I completely agree that the two perspectives can be integrated (I even spend a paragraph discussing how, the one starting with "I also continue to think there is a place for micro-level skills..."). However, it is possible to micro-optimize successfully and still lose, but this is much less true of macro-optimization, so I actually do think it makes sense to present one as better than the other.
(There is a separate danger in macro-optimization, which is that it is easier to deceive yourself into thinking that a bad or neutral optimization is actually a good one. For classical examples, take going on diet X, or training yourself to sleep for only 5 hours each night.)
I think it's about more than the scope of the decision problem. The techniques you use to optimize at the macro-level are fundamentally different and I really do mean in many cases "change the structure of the search space". For many people, reading the Sequences had such an effect; or going to college; for me one of the most salient recent examples was working at Dropbox for the summer, which completely changed the way that I approached writing code.

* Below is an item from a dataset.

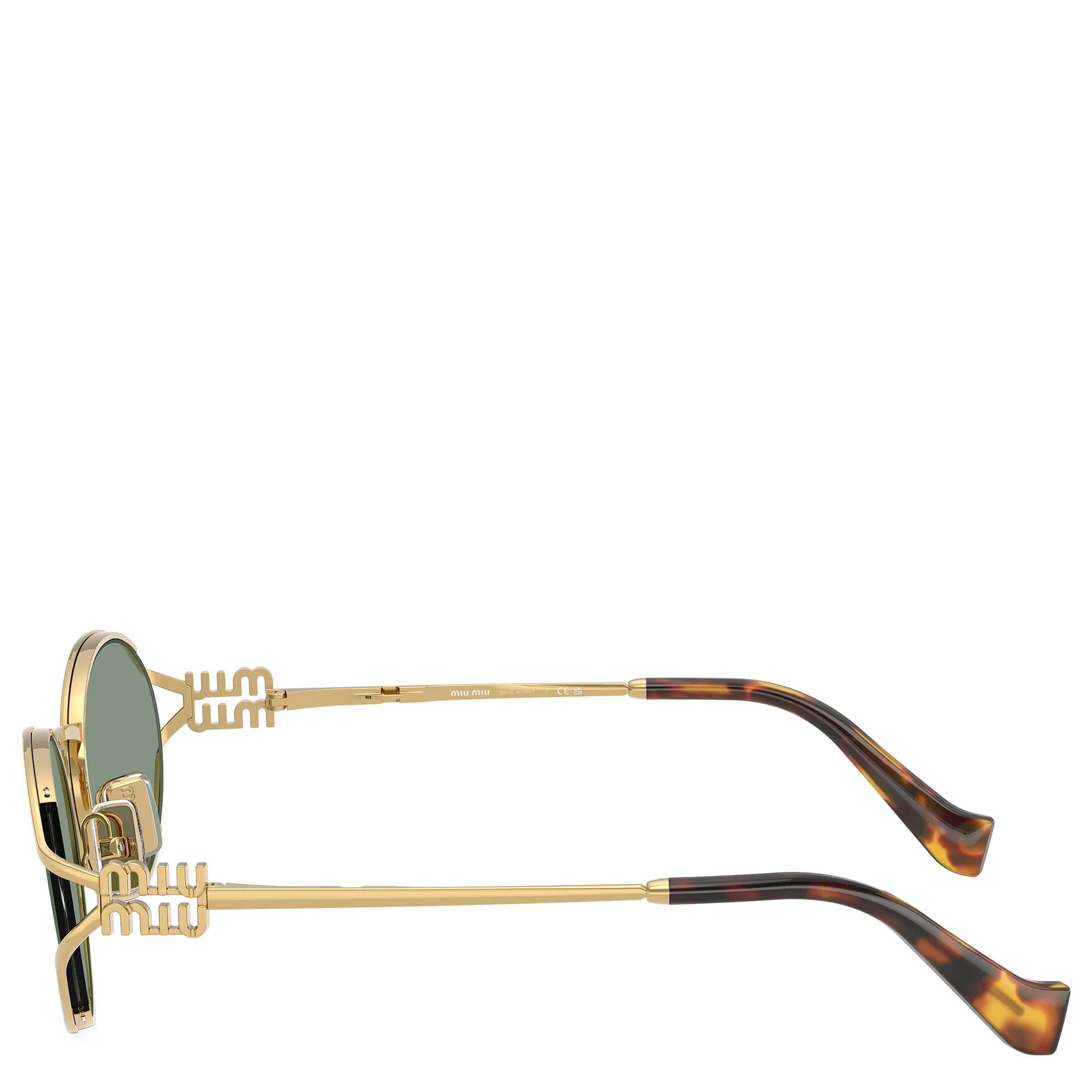 Miu Miu MU52YS Logo Oval Metal Sunglasses, Gold/Green Mirror

I didn't decide to work there due to the output of any explicit optimization, though. It was "this has many characteristics in common with the sort of thing that will end up changing my life; so, even though I can't give any specific mechanism as to how it will actually do that, I'm going to work there anyways".
Re: Toyota; the difference between Toyota and a human is that Toyota makes millions of cars each year, so even saving 1 penny on each car manufactured is worth tens of thousands of dollars to the company.
It's not clear to me that this is the case. The parts of the problem that are hardest change, but the problems are fundamentally similar in a deep way. I will agree that the training to improve macro-level optimizations and the training to improve micro-level optimizations have different focuses, and am working on a post that will be relevant to the former.